Non-Constitutional Bodies
Non-Constitutional Bodies — NITI Aayog · National Development Council
Story hook
On the morning of 1 January 2015, India's planners arrived at Yojana Bhawan in New Delhi to find the brass plaque outside the building had not been changed yet — but the institution it described had ceased to exist at midnight. The Planning Commission, set up by a Cabinet resolution of 15 March 1950 under the chairmanship of Jawaharlal Nehru, had drawn up twelve Five-Year Plans, allocated trillions of rupees to states, and presided over the steel mills, dams, and Green Revolution that defined post-independence India. In its place stood a new body with a Sanskrit name and a deliberately different remit: NITI Aayog — the National Institution for Transforming India.
The Cabinet resolution that abolished the Planning Commission did so without a single line in the Constitution being changed. The Planning Commission had never been a constitutional body. Neither was its replacement. Neither were the National Development Council, the Zonal Councils, or — strikingly — the Inter-State Council, which sits in Article 263 of the Constitution but exists only because the President set it up in 1990, more than four decades after the Republic began.

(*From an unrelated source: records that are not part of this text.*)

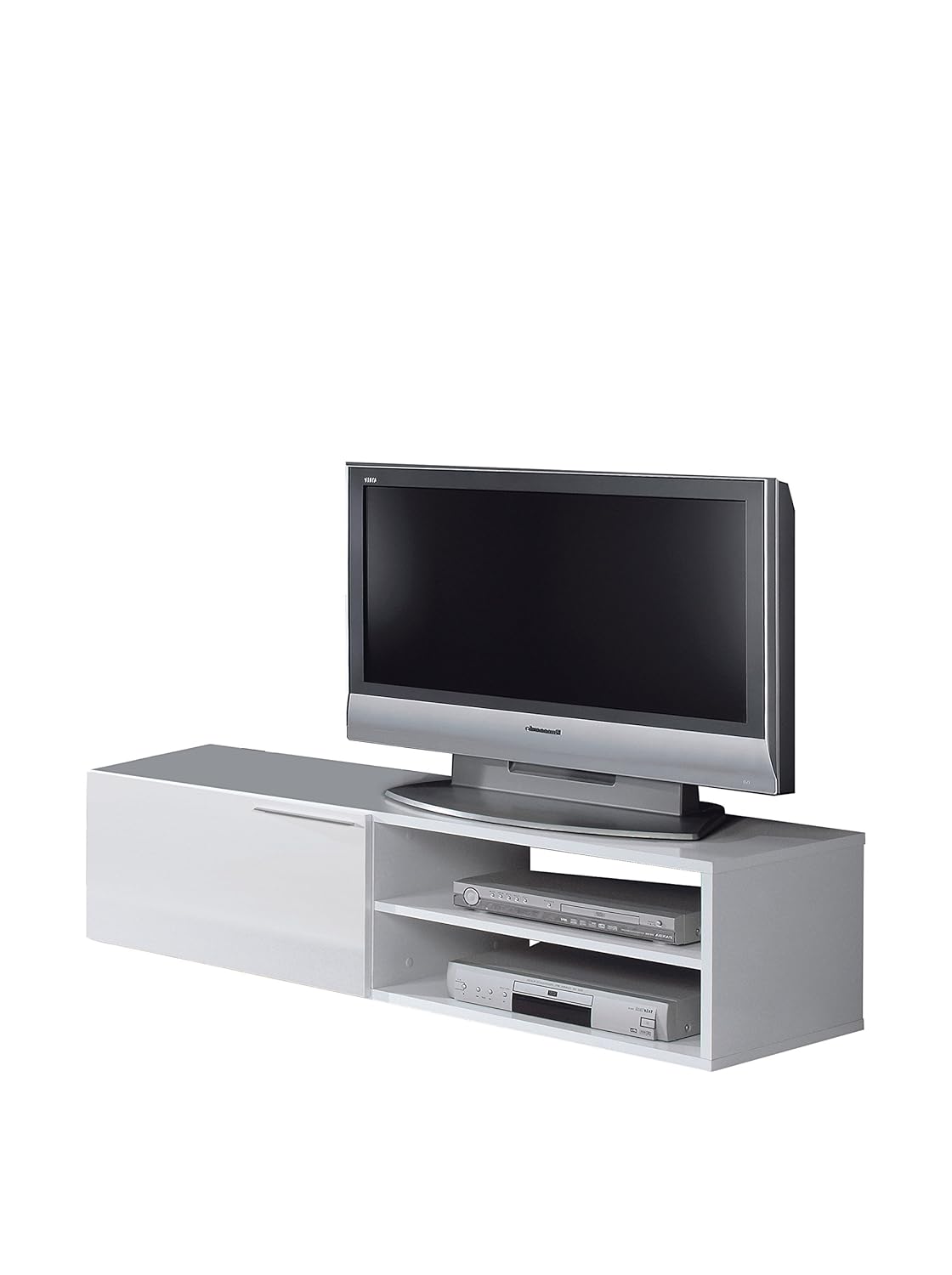 Mueble comedor televisor bajo, una puerta y un estante color blanco brillo dimensiones 35 x 130 x 42 cm
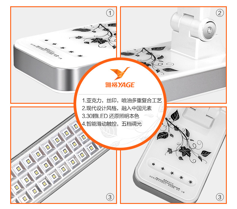 Yage YG-3986 rechargeable eye protection touch desk lamp Folding dormitory desk College students comfortable reading at the head of the bed
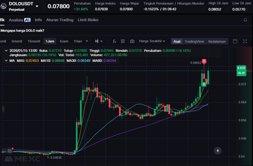 Dengan kenaikan +25.94%, DOLO menjadi salah satu aset yang paling mencolok hari ini, mencerminkan minat trader pada proyek DeFi yang berfokus pada strategi modal dan utilitas lintas jaringan.
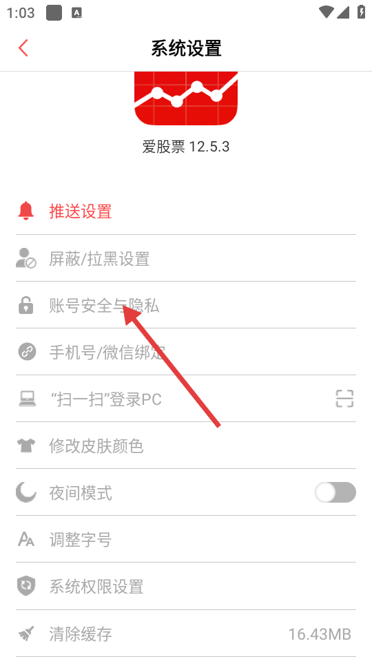 2、在系统设置页面点击【账号安全与隐私】选项并进入。

This is the strange backwater of Indian administrative law — bodies that command enormous influence and budgets, host Chief Ministers and Prime Ministers around the same table, and yet exist purely at the pleasure of an executive resolution. They can be created, restructured, or abolished overnight. Understanding them is essential to understanding how cooperative federalism — and competitive federalism — actually work in India.
Why this matters for UPSC
Non-constitutional / non-statutory bodies appear in UPSC Prelims every year as factual MCQs (which body? composition? chair? function?), and as the structural backbone for Mains questions on cooperative federalism, planning, and Centre-State relations. Interview boards probe the rationale for replacing the Planning Commission and the relevance of bodies like the Inter-State Council in a federation. Confusing constitutional, statutory, and executive bodies is a classic Prelims trap.